Google has launched a safety replace for Chrome to deal with half a dozen vulnerabilities, considered one of them actively exploited by attackers to flee the browser’s sandbox safety.
The vulnerability is recognized as CVE-2025-6558 and acquired a high-severity score of 8.8. It was found by researchers at Google’s Risk Evaluation Group (TAG) on June 23.
The safety situation is described as an inadequate validation of untrusted enter in ANGLE and GPU that impacts Google Chrome variations earlier than 138.0.7204.157. An attacker efficiently exploiting it might carry out a sandbox escape through the use of a specifically crafted HTML web page.
ANGLE (Virtually Native Graphics Layer Engine) is an open-source graphics abstraction layer utilized by Chrome to translate OpenGL ES API calls to Direct3D, Metallic, Vulkan, and OpenGL.
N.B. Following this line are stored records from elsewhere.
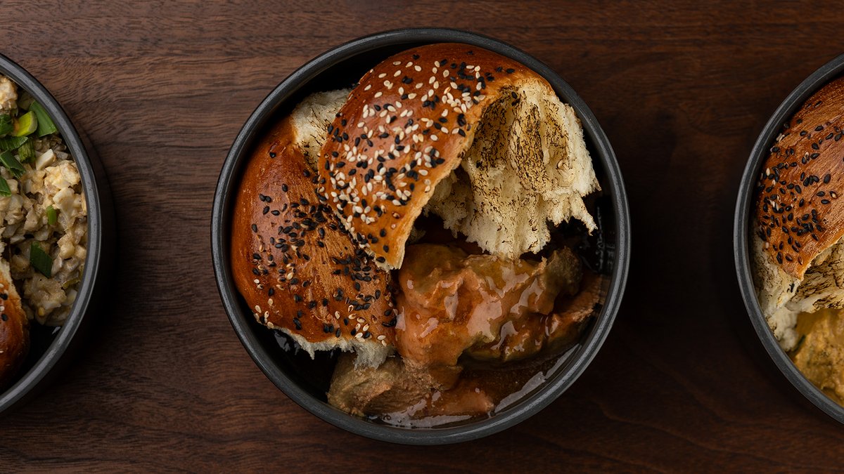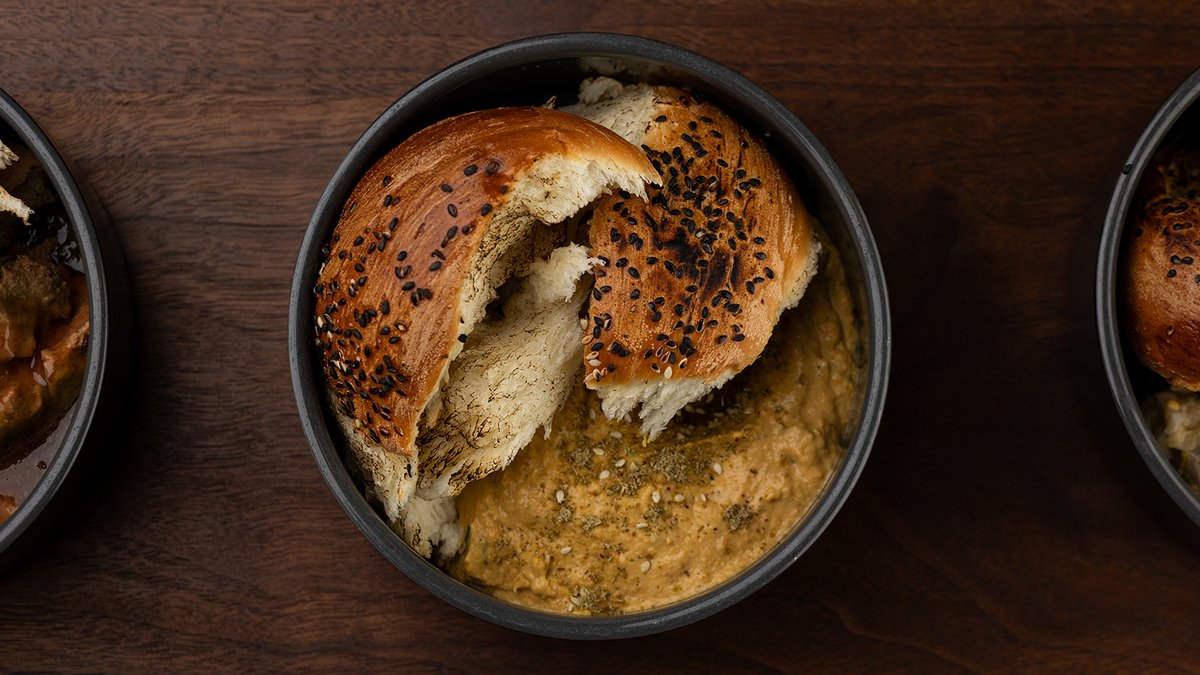 პიტა, ქათამი, ბადრიჯანი, ტკბილი პილპილი, მატბუხას სოუსი
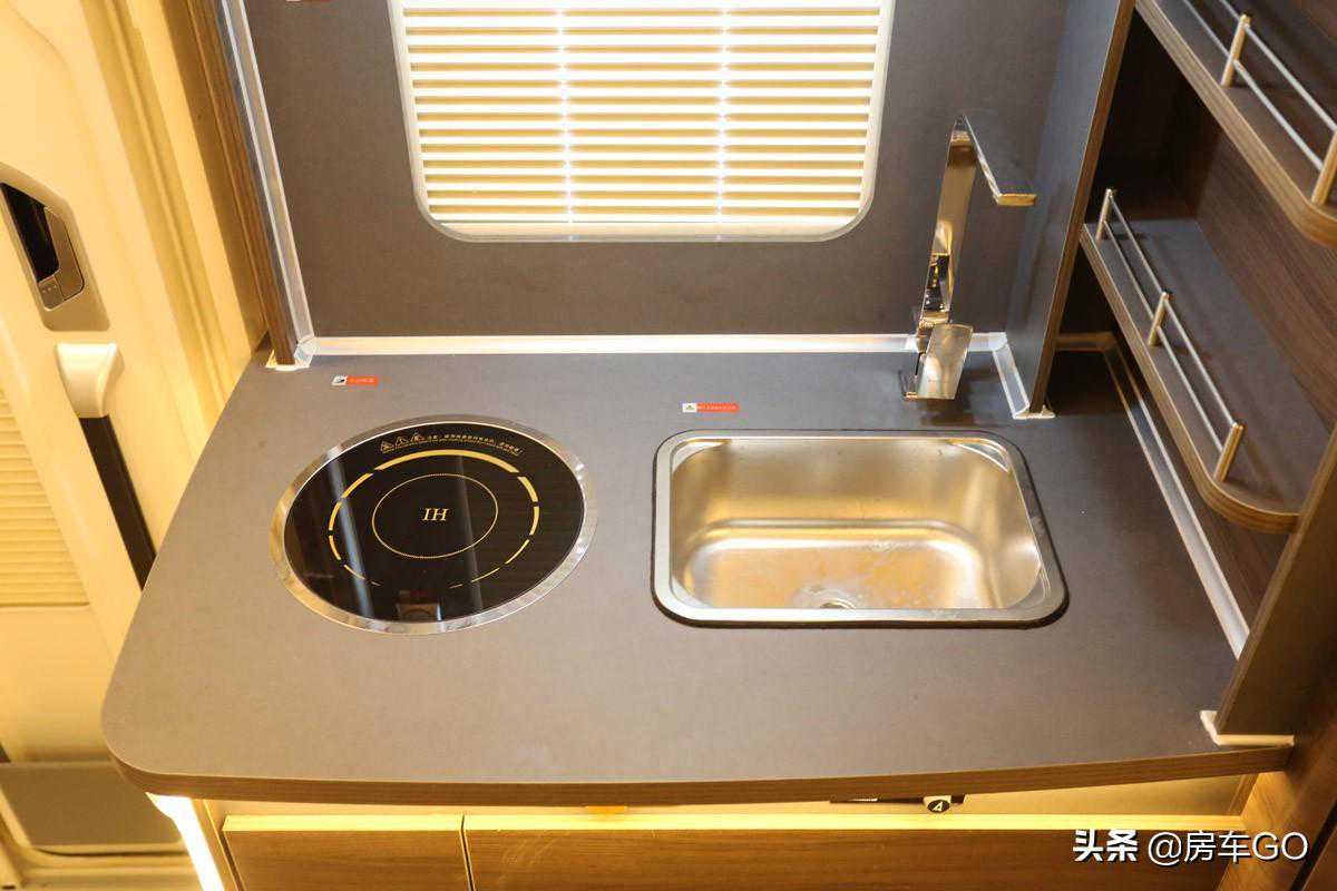 来到厨房区,台面搭载志高1200W电磁炉,采用220V供电;侧面搭载金属洗菜池,配独立水龙头。值得一提的是,车辆的水泵采用美国进口赛福乐水泵带前置过滤器,水路管件系统也采用德国进口REICH品牌。
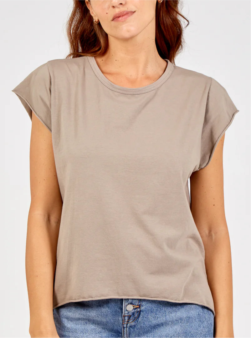 Mocha top with rolled edge and cap sleeves. One size (8-16). 95% cotton 5% elastane.
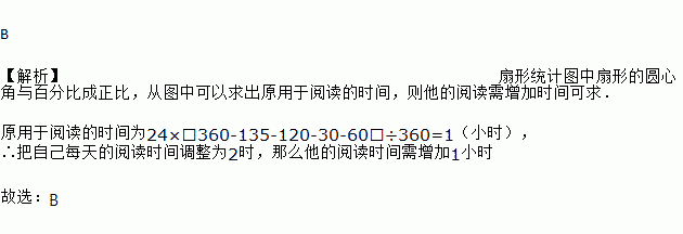 如图是小刚一天中的作息时间分配的扇形统计图,如果小刚希望把自己每天的阅读时间调整为2小时,那么他的阅读时间需增加( )
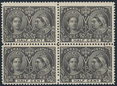 5133 47 image47, Horiz used strip of 5 of the 50¢ Widow Weed. Neat Ottawa 1 Nov, 1902 duplex cancels. F, one small thin, rich colour. A SCARCE MULTIPLE (Image) Estimate 150.00+ $Cdn
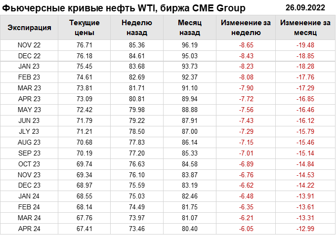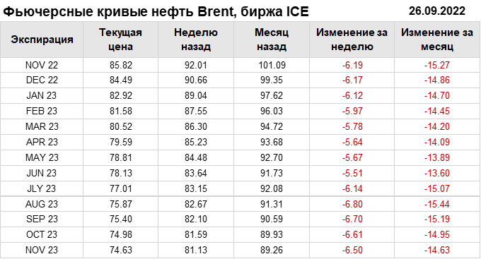 Нефть. Фьючерсные кривые на 26 сентября 2022

As a result of ANGLE processes GPU instructions from untrusted sources like web sites utilizing WebGL, bugs on this part can have a important safety impression.
The vulnerability permits a distant attacker utilizing a specifically crafted HTML web page to execute arbitrary code throughout the browser’s GPU course of. Google has not supplied the technical particulars on how triggering the problem might result in escaping the browser’s sandbox.
“Entry to bug particulars and hyperlinks could also be saved restricted till a majority of customers are up to date with a repair,” states Google within the safety bulletin.
“We can even retain restrictions if the bug exists in a third-party library that different initiatives equally rely upon, however haven’t but mounted.”
Chrome sandbox part is a core safety mechanism that isolates browser processes from the underlying working system, thus stopping malware from spreading exterior the net browser to compromise the gadget.
Given the excessive threat and lively exploitation standing of CVE-2025-6558, Chrome customers are suggested to replace as quickly as potential to model 138.0.7204.157/.158, relying on their working system.
You are able to do this by navigating to chrome://settings/assist and permitting the replace examine to complete. Updates might be utilized efficiently after restarting the net browser.
The present Chrome safety replace incorporates fixes for 5 extra vulnerabilities, together with a high-severity flaw within the V8 engine tracked as CVE-2025-7656, and a use-after-free situation in WebRTC tracked underneath CVE-2025-7657. None of those 5 had been highlighted as actively exploited.
CVE-2025-6558 is the fifth actively exploited flaw found and stuck in Chrome browser for the reason that starting of the 12 months.
In March, Google patched a high-severity sandbox escape flaw, CVE-2025-2783, found by Kaspersky researchers. The vulnerability had been exploited in focused espionage assaults in opposition to Russian authorities businesses and media organizations, delivering malware.
Two months later, in Could, Google issued one other replace to repair CVE-2025-4664, a zero-day vulnerability in Chrome that allowed attackers to hijack consumer accounts.
In June, the corporate addressed yet one more extreme situation, CVE-2025-5419, an out-of-bounds learn/write vulnerability in Chrome’s V8 JavaScript engine, reported by Google TAG’s Benoît Sevens and Clément Lecigne.
Earlier this month, Google mounted the fourth zero-day flaw in Chrome, CVE-2025-6554, additionally within the V8 engine, that was found by GTAG researchers.
Whereas cloud assaults could also be rising extra refined, attackers nonetheless succeed with surprisingly easy strategies.
Drawing from Wiz’s detections throughout 1000’s of organizations, this report reveals 8 key strategies utilized by cloud-fluent risk actors.